The US dollar moves near the 6-week low against the yen on Thursday, as risk appetite lowered on most markets amid the US-China trade conflict.
Markets nervously await the start of two-day trade talks in Washington later today to find out whether Chinese negotiators can persuade the White House to abandon the threat of rising import tariffs on Chinese goods worth 200 billion USD.
Expectations this week are that the United States and China will reach an agreement to end their trade war that has prompted investors to avoid risky assets. World equity markets have fallen, but yields on government bonds are on the rise.
The US dollar index, which measures the strength of the greenback against a basket of six major currencies, changed slightly to 97.612 points.

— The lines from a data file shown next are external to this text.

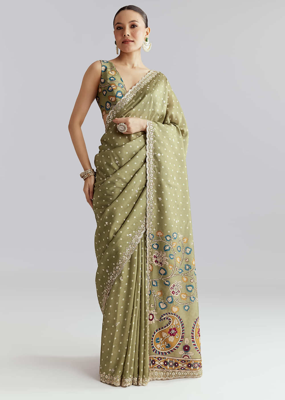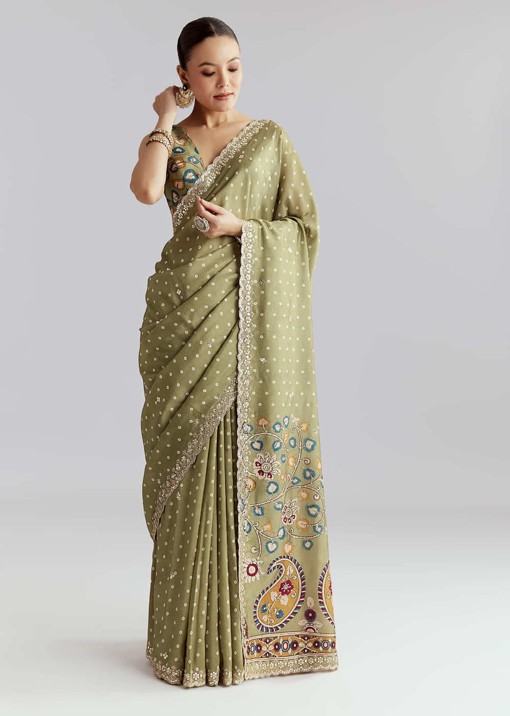 Soft to the touch and easy to drape, this pista green muslin embroidered saree pairs a gentle print with a scalloped edge for a feminine profile. Mirror, gota, zari and sequins build a hand worked sparkle that stays comfortable. You feel delicate, festive and ready for festive celebrations. Awarded as the Most Trusted Brand, we're delivering styles you love, just as promised.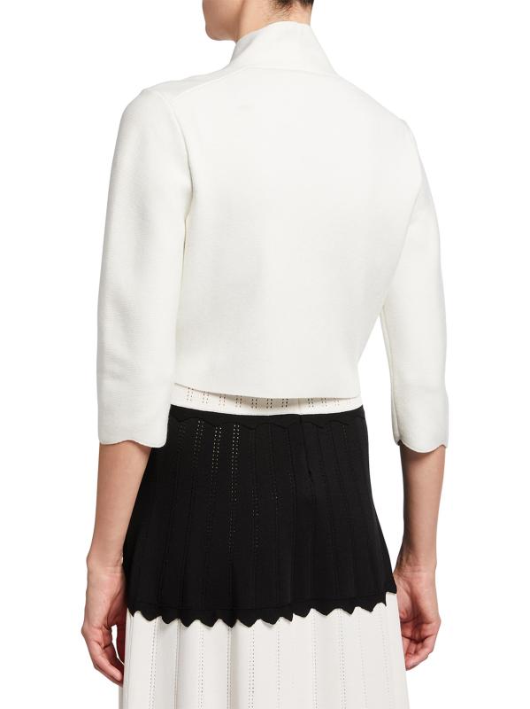 تضيف الحافة الصدفيّة بلطف الأنوثة إلى هذا الكارديجان المفتوح من الأمام. إن تصميمه القصير يجعله الثوب المثالي لارتدائه فوق الفستان.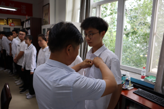 会上,张菊梅宣读了《对同意接收李向阳等21名同志为中共预备党员的批复》,公司领导干部为新发展的预备党员佩戴党徽。全体党员举起右手、握拳过肩,面向党旗庄严宣誓,许下为实现中华民族伟大复兴努力奋斗的铮铮誓言。
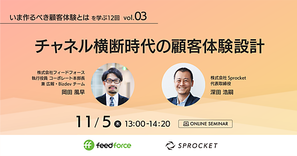 2020年11月5日(木)、株式会社Sprocket、株式会社フィードフォースの主催にて「チャネル横断時代の顧客体験設計」をテーマにしたウェビナーを開催いたします。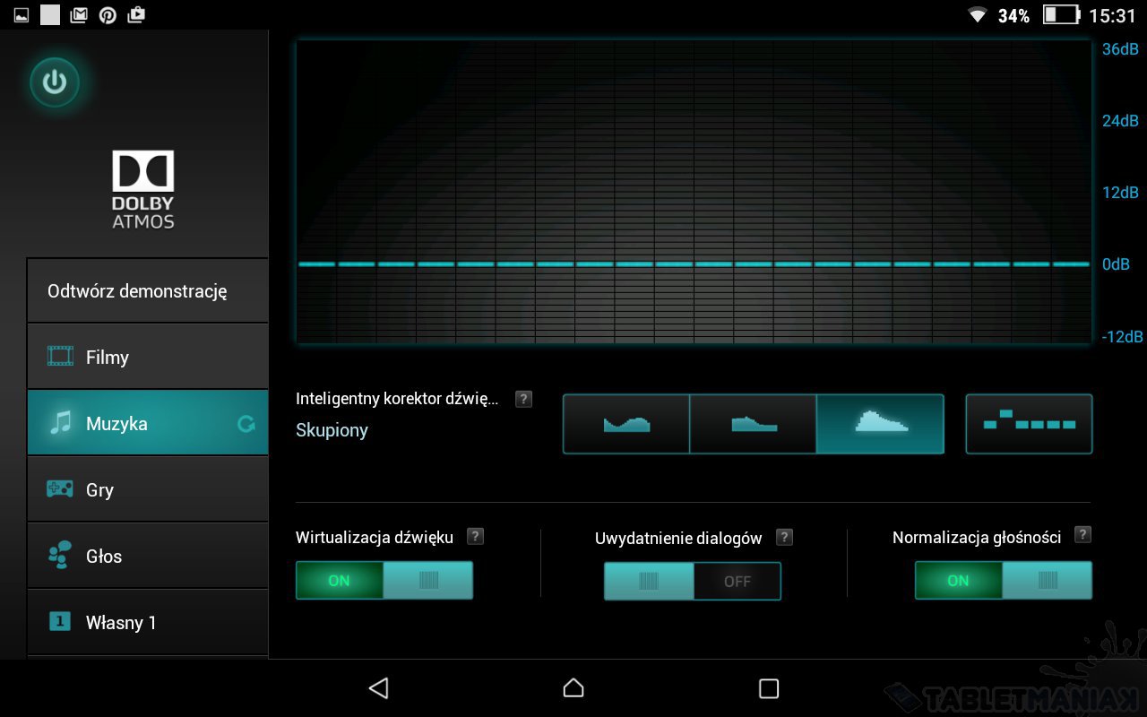 Brzmienie głośników wspomaga technologia Dolby Atmos. Za pomocą specjalnej aplikacji możemy dostosować profile dźwiękowe w zależności od odtwarzanych multimediów — do filmu, muzyki, gry, a także spersonalizować dwa własne. Dalsze ustawienia pozwalają na normalizację brzmienia, uwydatnienie dialogów i wirtualizację dźwięku.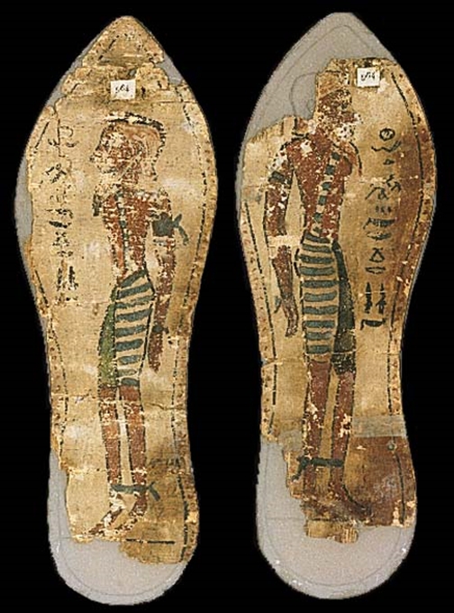 Gli Egizi, quanto alle calzature, indossavano esclusivamente i sandali che avevano una funzione accessoria tutt’altro che indispensabile. Pur fabbricando sandali dal periodo predinastico, gli Egizi camminavano perlopiù scalzi, le donne non ne facevano uso e gli uomini li indossavano raramente e solo in occasione di visite a qualcuno. I nobili avevano un servo incaricato di “portare i sandali” che venivano indossati, curiosamente, solo una volta giunti a destinazione. Da questa usanza derivava l’incarico di corte, molto prestigioso, di “PORTATORE DEI SANDALI DEL RE” (vedi la tavolozza di Narmer). Nel Medio Regno solo i poveri non possedevano calzature mentre tutti gli altri le avevano a portata di mano anche se le indossavano sempre e solo a destinazione. Era buona educazione non mostrarsi calzati in presenza di persone di rango più elevato mentre per i cortigiani era un vanto rimanere calzati in presenza del sovrano. Nel Nuovo Regno l’uso delle calzature si generalizzò. Esse consistevano in una semplice suola di scorza di palma, di fibre di papiro o, più raramente, di cuoio, alla quale erano attaccati due o tre lacci dello stesso materiale. A partire dalla XVIII dinastia i sandali potevano essere provvisti di una punta ricurva.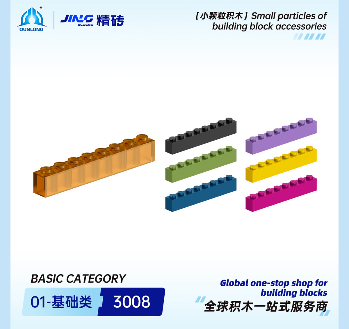 Qunlong 미세 벽돌 작은 입자 빌딩 블록 3008 국내 조립 1x8 기본 벽돌 국경 간 빌딩 블록 부품 도매스토어 가기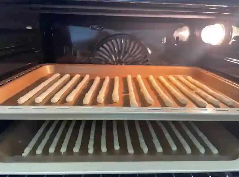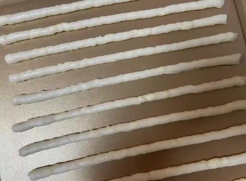 4、装进裱花袋,裱花袋顶端剪小口,均匀挤在烤盘上,粗细参考筷子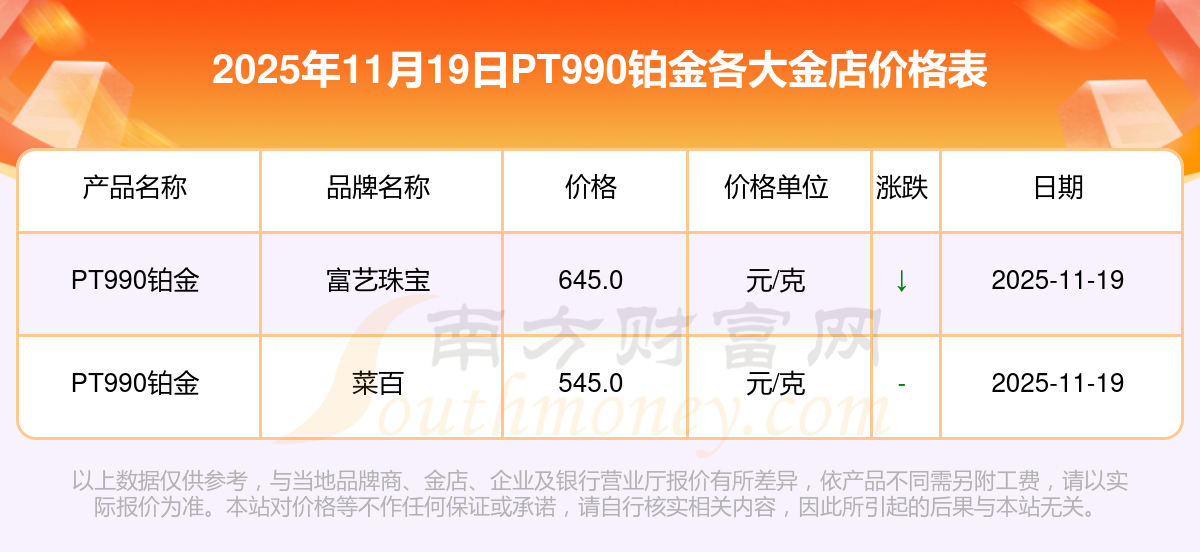 今天是2025年11月19日,周大福、周大福、周大福、周大福、周大福、周大福、周大福、老鳳祥、老鳳祥、老鳳祥、周六福等各大金店品牌PT990鉑金最新價格如下:周大福1295.0元/克、周大福619.0元/克、周大福1295.0元/克、周大福45120.0、周大福17690.0、周大福40700.0、周大福1133.0元/克、老鳳祥1291.0元/克、老鳳祥600.0元/克、老鳳祥1291.0元/克、周六福1263.0元/克。

According to the latest Commodity Futures Trading Commission (CFTC) data, the speculators have further raised their long-term bets, including those against the yen. The attention of market participants is focused on what potential factors could lead to the reversal of these positions, which will lead to dollar sales and buying of yen.
Such a reversal of the market can be triggered by US-China trade talks or the Federal Reserve to change its monetary policy and lower interest rates or North Korea to continue its nuclear attempts. Of these options, the likely candidate is the interest rate cut, as it is no secret that President Trump wants to see a more humble Fed.
On Wednesday, the EUR/USD currency pair tried to surpass the 1.1210 level. During today’s morning, the pair breached the short-term ascending channel south. The pair extended its sideways consolidative price action through the Asian session on Thursday and remains at the mercy of broader market risk-sentiment. Given that the exchange rate is pressured by the 55-, 100– and 200-hour SMAs located circa 1.1190, it is expected, that some downside could prevail in the market. A possible downside target is the 1.1170 level.
From a technical perspective, nothing seems to have changed much for the pair except that the 1.1215-1.1220 region now seems to have emerged as an immediate strong resistance, also nearing a short-term descending trend-line. A convincing break through the mentioned hurdle, the pair is likely to aim towards reclaiming the 1.1300 round figure mark before eventually darting to test the top end of a four-month-old descending trend-channel resistance, currently near the 1.1330-1.1335 region.
On the flip side, the 1.1170-1.1165 region might continue to protect the immediate downside, which if broken might turn the pair vulnerable to accelerate the slide further towards challenging the 1.1100 mark en-route the trend-channel support near the 1.1080. A follow-through weakness would mark a fresh near-term bearish breakdown and open the room for further near-term depreciating move, towards testing sub-1.1000 level.
The US dollar picked up slightly to 109.91 JPY after falling to 109.70 JPY earlier this night, the lowest dollar since March 25. The Japanese currency is preferred and always attracts market participants’ attention during geopolitical conflicts and market turmoil. For now, the markets took the words seriously and sent USDJPY to a three-month low with the pair stopping just above the 109.50 support.
If the trade talks fail further risk-off flows are almost sure to follow, not only because of the immediate cost impact to the US consumers but also because the new cold war between China and US is almost certain to curb investment plans and disrupt supply chains impacting global growth in the second half of this year.
From a theoretical perspective, it is likely, that a reversal north could occur in the nearest future, and the pair could increase to the 55-hour SMA at 110.20.
On the other hand, it is expected, that the currency pair could trade sideways, trying to surpass the support level formed by the Fibonacci 50.00% retracement at 109.58.